Als wir nach Bangkok fuhren, um das Visum zu erneuern, kaufte ich mir neuen Rucksack und neuen Tagesrucksack. Ich habe einige Ausrüstungsgegenstände ausgewechselt und den alten Rucksack zusammen mit einigen Dingen nach Hause geschickt, die ich nicht mehr mit gutem Grund tragen konnte. Ich habe den Rucksackes anders gepackt und experimentiert, was meinem Körper am besten passt. Mit Thai-Massagen habe ich die Schmerzpunkte therapiert. Jetzt ist mein Rucksack einige Kilo leichter, doch was am noch mehr geholfen hat, war der breiter Hüftgurt und die breiteren Schulterriemen. Damit wird das Gewicht anders verteilt.
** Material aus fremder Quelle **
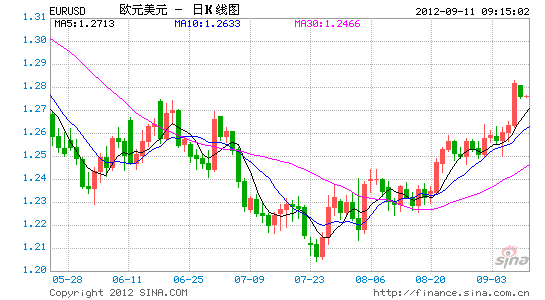 他指出:“如果美联储本周正式宣布启动QE3,且德国宪法法院对欧洲稳定机制(ESM)的合法性作出肯定的裁决,那么欧元有望攀升至1.3000。”
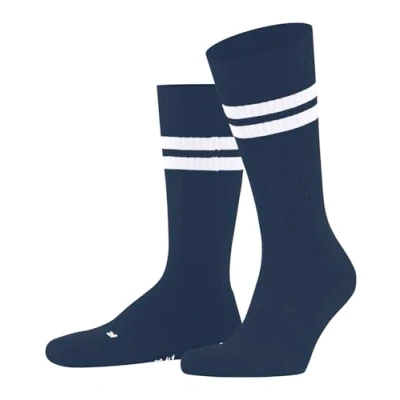 Single pack of sport socks for men, women, boys or girls made of a soft cotton-rich fabric kind to the skin; crew socks with ribbed texture, plain pattern and retro stripe design on cuff; designer logo on calf and sole; available from UK size 4 to 12.5 Thick, light striped crew sock for summer or winter with cushioned plush sole for comfort; ideal with casual looks and trainer shoes; high quality with the use of premium cotton and construction with reinforced stress zones for an optimum durability Comfy crew socks in a knee "LA" length that covers the calf area up to the knees; look excellent combined with trainers for a trendy look; excellent shape and colour retention even after repeated washing; machine wash 40°C Special knitting techniques adapted to the anatomical differences of the right and left foot ensure a high comfort, slip-free and wrinkle-free fit, long durability and protect against pressure points Model number for the FALKE unisex Dynamic crew socks with rib for man, woman, boy or girl: 12601; available in sizes: 37-38 (UK 4-5), 39-41 (UK 5.5-7.5), 42-43 (UK 8-9), 44-45 (UK 9.5-10.5), 46-48 (UK 11-12.5) FALKE, a family business founded in 1895, stands on a firm foundation of values: unconditional quality, the highest craftsmanship, modern and innovative products for generations

Jenn & Lluís: 3. Herauszufinden, was diese Reise uns individuell bedeutet, wie mit unseren Unterschieden und Erwartungen umzugehen und eine gemeinsame Basis zu kreieren, um gemeinsam vorwärtsmarschieren zu können. Das ist eine konstante Herausforderung, da wir beide ziemlich unabhängig sind. Wir sprechen täglich darüber und stellen so sicher, dass wir beide am selben Strick ziehen. Wir passen uns dabei so gut wie möglich an, um sicherzustellen, dass beide zufrieden sind. Wir sind schon lange Zeit zusammen, doch dieser Marsch hat uns auf neue Art getestet und es ist ganz anders, als in unserem „normalen“ Leben in Catalonien zusammenzuleben.
5. Welche Werkzeuge haben Euch am meisten unterstützt, um Euer Ziel zu erreichen?
Lluís: Durchhaltevermögen und Lächeln
Jenn: Einverstanden, ein Lächeln trägt weit und ist das einfachste, billigste Werkzeug, das wir in unserer Werkzeugkiste haben. Es ist besonders brauchbar, wenn wir durch anderer Leute Leben marschieren und Kulturräume durchqueren.
Ich möchte noch anfügen, dass das Teppichmesser mit Keramikklinge viel brauchbarer ist, als ich je erwartet hätte. Was zunächst ein Impulskauf einige Tage vor Abreise aus Barcelona war, hat sich bewährt, um Schnur zu schneiden oder Ingwer für Tee zu scheibeln 🙂
6. Was habt Ihr dabei gelernt?
Es ist kein Lernen, sondern mehr eine Bestätigung. Die Welt ist voller netter, gütiger und grosszügiger Leute. Wir erkunden die Welt und suchen das Gute in Menschen, und wir hatten bis jetzt Glück. Im Allgemeinen sehen wir auch, dass wir alle uns viel ähnlicher sind als wir uns unterscheiden, egal wo auf dem Planeten wir uns befinden.